Evaluated simply for its achievement and without any historical context, it could be considered the greatest goal-line stand in college football history. Twelve plays inside the 9-yard line, half coming from inside the 1, and each time Florida State denying upset-minded Kansas.

Factor in national implications -- it was a season opener in August against and part of a 42-0 rolling of the unranked Jayhawks -- and it pales in comparison to the 1979 Sugar Bowl.

[+] EnlargeJimbo Fisher
AP Photo/Chuck BurtonJimbo Fisher and the Seminoles aren't afraid to open the 2014 season against Oklahoma State in Dallas.
But for Mickey Andrews, that goal-line denial sits in the pantheon of Florida State football. After six straight seasons of falling just short of a national title, the former Florida State defensive coordinator credits that sequence, which took nearly eight minutes in nearly 120-degree conditions, for shaping the Seminoles' first national championship team.
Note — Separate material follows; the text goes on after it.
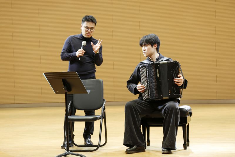 刘睿博士毕业于俄罗斯国立格涅辛音乐学院,拥有13年留俄深造经历。大师课上,4名学生分别演奏了斯卡拉蒂《G大调奏鸣曲》、弗拉索夫《春天》、谢苗诺夫《随想曲一号》、柴可夫斯基《六月船歌》《四月松雪草》、韦伯《音乐会协奏曲终曲》等巴扬手风琴原创与改编作品。刘睿围绕巴扬演奏的触键技巧、风箱控制、乐句呼吸及作品情感表达等核心要点,展开精准细致的示范性讲解与针对性指导,他通过生动示范、通俗解析,让在场师生深刻领悟到手风琴演奏不仅是技艺的展现,更在于真挚地抒发与传递演奏者内心的音乐情愫,唯有站在听众视角,以细腻的声音控制与精巧的音乐处理,方能实现与观众的深度沟通和情感共鸣。

"We had to meet them about three-fourths of the way and drag them off the field," Andrews said. Ken Alexander, Derrick Brooks and Corey Sawyer, who combined for the final fourth-down stop, laid on the blistering AstroTurf unable to get up as the referee signaled in Florida State's direction. "They didn't have anything left."

That was the season opener of the 1993 season, Florida State playing Kansas, which finished the prior season ranked in the top 25, at the Meadowlands, a national venue. The drive eclipsed 20 total plays, and Florida State committed four penalties inside the 10. While the Seminoles would win by six touchdowns, it was that particular drive that came at the end of the half when the Jayhawks were within two scores. Florida State held a dozen times in the shadow of its own goal post, then marched down the field with a 99-yard touchdown drive to put the game out of reach.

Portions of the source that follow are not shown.